Kamu yönetimi, tüm enerji yatırımlarında yaşam alanlarının olumsuz yönde etkilenmemesi için kuralları geçersiz kılacak istisnaları kurgulamakla değil, kuralları istisnasız uygulamakla, yurttaşların anayasal haklarını savunmakla yükümlü olmalıdır. Ülke doğasının tahrip edilmesine, flora ve fauna kaybına ve yerel halkla yeni bir anlaşmazlık alanının yaratılmasına yol açabilecek yanlış uygulamalar sona ermelidir.
Tüm enerji projelerinde her aşamada, toplum yararı ve çevre öncelikle göz önüne alınmalı, halkın kabulü, diyalog ve danışma önemsenmeli, verimli tarımsal arazilere enerji tesisi kurulması ve halkın geçim kaynağı olan tarım alanları ve ürünlerine zarar verilmesi mutlaka önlenmelidir.
Yöneticilerin görevi, santral yatırımcılarının çıkarlarını kollamak değil, her ne pahasına olursa olsun o bölgede yaşayan insanların, toplumun, çevrenin, doğanın ve ülkenin çıkarlarını bir bütün olarak korumak olmalıdır.
Yanlış uygulamalardan canı yanan, zarar gören, sağlıklı yaşam haklarını savunmak için mücadele eden kesimlere baskı ve şiddet uygulamaları derhal durmalı, halkın taleplerine kulak verilmelidir.
Her tür kömüre dayalı yeni santral projelerine mutlak toplum yararı yoksa izin verilmemelidir.
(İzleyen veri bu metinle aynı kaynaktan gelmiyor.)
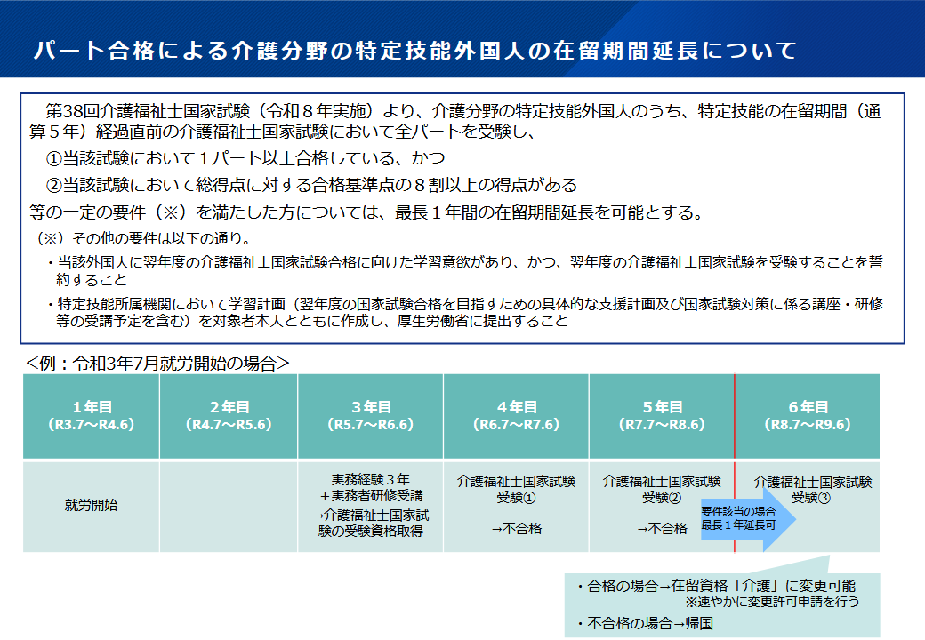特定技能1号で働く外国人介護人材について、一定の条件を満たした場合、在留期間の上限である「5年」を超えて日本に滞在し、翌年度の介護福祉士国家試験を再受験できる特例措置を認めるというものです。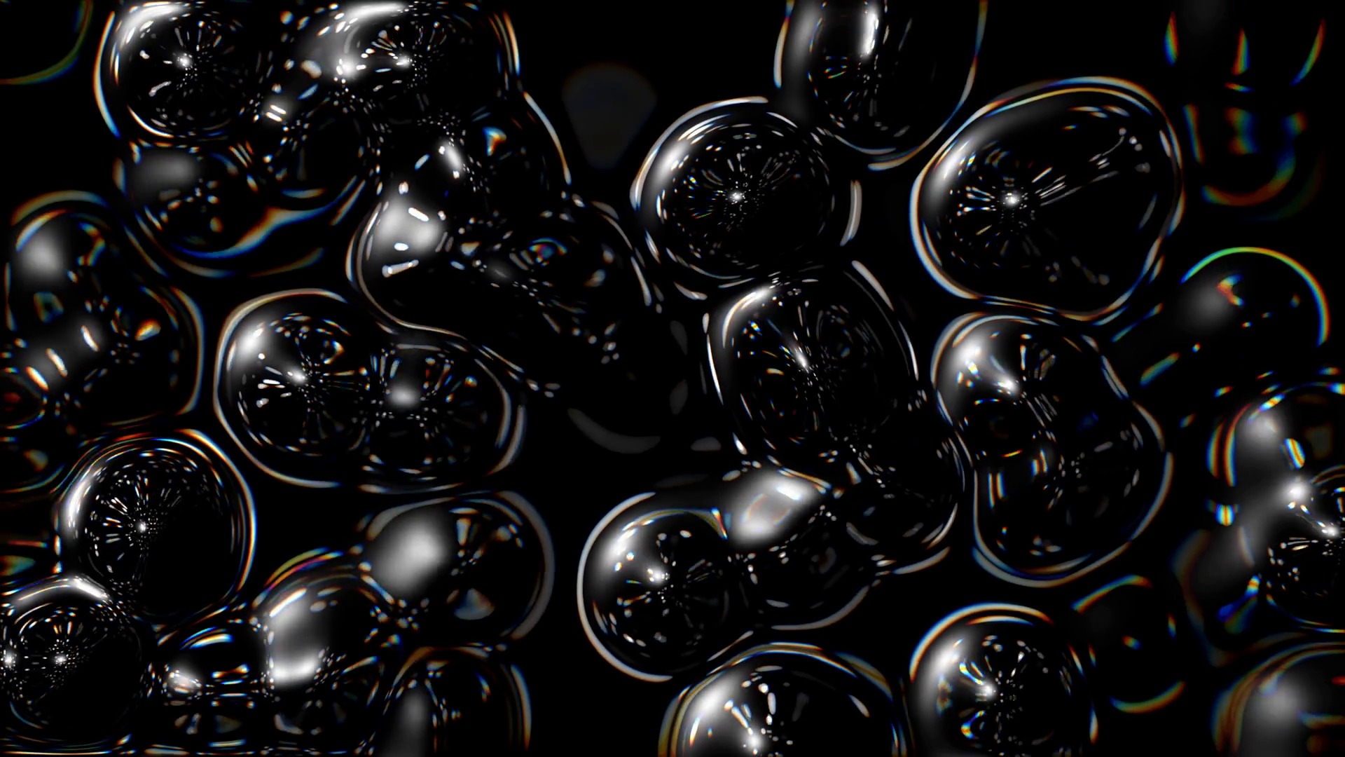 Water Droplets Joining And Separating Against A Black Background As Viewed Under Bright Lights

Mevcut ve yatırımı süren kömür yakıtlı santrallerin, jeotermal santrallerin, zararlı atık yakan santralların çevreyi kirletmelerine son verilmelidir.
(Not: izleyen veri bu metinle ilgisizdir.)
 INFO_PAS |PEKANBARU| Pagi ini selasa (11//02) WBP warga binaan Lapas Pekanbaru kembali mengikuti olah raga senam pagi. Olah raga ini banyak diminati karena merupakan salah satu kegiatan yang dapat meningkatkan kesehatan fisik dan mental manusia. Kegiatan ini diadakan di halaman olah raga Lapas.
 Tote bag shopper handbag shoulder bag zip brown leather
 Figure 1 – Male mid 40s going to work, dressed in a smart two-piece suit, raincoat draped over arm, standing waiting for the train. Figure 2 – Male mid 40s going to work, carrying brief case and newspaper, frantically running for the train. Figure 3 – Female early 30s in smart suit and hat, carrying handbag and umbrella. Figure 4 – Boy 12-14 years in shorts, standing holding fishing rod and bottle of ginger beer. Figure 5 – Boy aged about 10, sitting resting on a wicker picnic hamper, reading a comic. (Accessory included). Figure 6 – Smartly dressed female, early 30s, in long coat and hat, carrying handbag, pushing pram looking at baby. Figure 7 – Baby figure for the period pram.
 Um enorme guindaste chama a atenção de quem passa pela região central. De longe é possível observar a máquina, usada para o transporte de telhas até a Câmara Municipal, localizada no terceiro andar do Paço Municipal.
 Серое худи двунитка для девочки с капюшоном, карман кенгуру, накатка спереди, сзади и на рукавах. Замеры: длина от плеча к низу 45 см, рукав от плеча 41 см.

Filtre, baca gazı arıtma, atık su arıtma, atık kül-cüruf-alçı taşı depolama alanı vb. yatırımları çok ivedilikle yapmadıkları, etkin ve verimli hizmet verir hale getirmedikleri, salımlarını devamlı duyurmadıkları sürece, söz konusu santralların çalışmalarına izin verilmemelidir.
Enerji politikalarında ciddi ve radikal bir değişikliğe gidilmeli, elektrik üretiminde fosil yakıtların payı düşürülmeli; yenilenebilir enerji kaynaklarının payını ciddi oranda artırmaya yönelik politikalar, kamusal planlama anlayışı ile toplum çıkarlarını gözeterek ivedilikle uygulanmalıdır. Bundan böyle enerji üretim tesislerinin kamusal bir planlama anlayışı içinde, esas olarak rüzgâr, güneş vb. yenilenebilir enerji kaynaklarına dayalı ve toplum çıkarlarını gözetir biçimde kurulması sağlanmalıdır.
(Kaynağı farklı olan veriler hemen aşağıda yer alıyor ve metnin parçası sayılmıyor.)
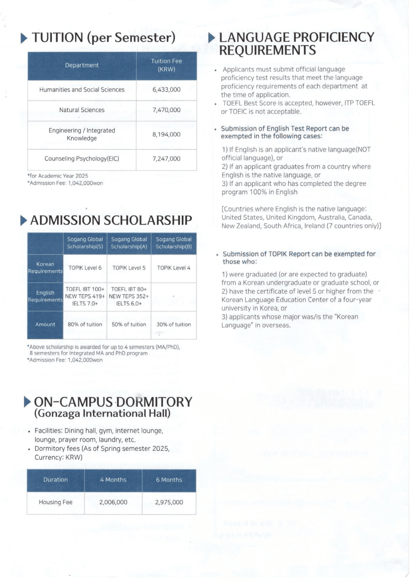 Học phí tại Sogang năm 2025 dao động từ 6.433.000 – 8.194.000 KRW/kỳ, tùy chuyên ngành. Ngành Tâm lý học Tư vấn có học phí riêng là 7.247.000 KRW/kỳ, kèm theo phí nhập học 1.042.000 KRW.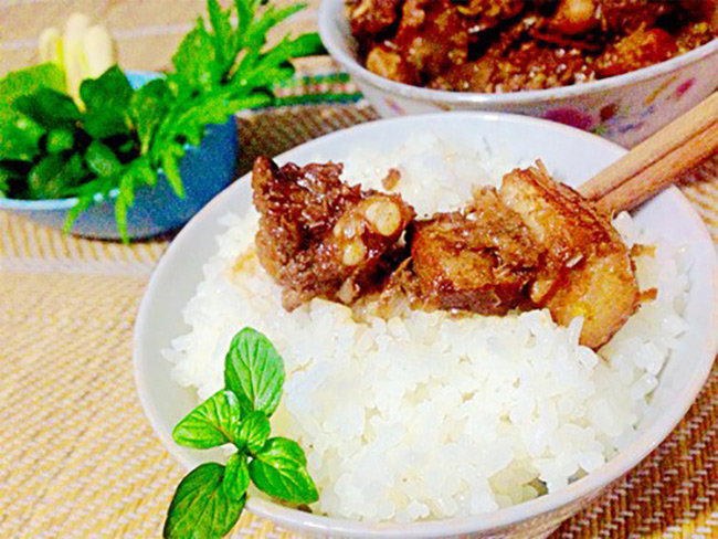 Sườn non giả cầy ăn với cơm trắng hoặc bún kèm rau thơm các loại (lá mơ lông, quế, tía tô, kinh giới, húng cây, sả...) đều rất ngon nhé!

Enerji sektörünü özel tekellerin kar egemenliğinden çıkarıp kamusal bir düzleme aktarma, toplum çıkarlarını gözeten, kamusal planlama esaslı, yenilenebilir kaynaklara dayalı, düşük karbon salımlı bir ekonomiye yönelme ve enerjiyi azami ölçüde verimli kullanarak enerjide demokratik bir denetimi/programı gerçekleştirme ihtiyacı vardır.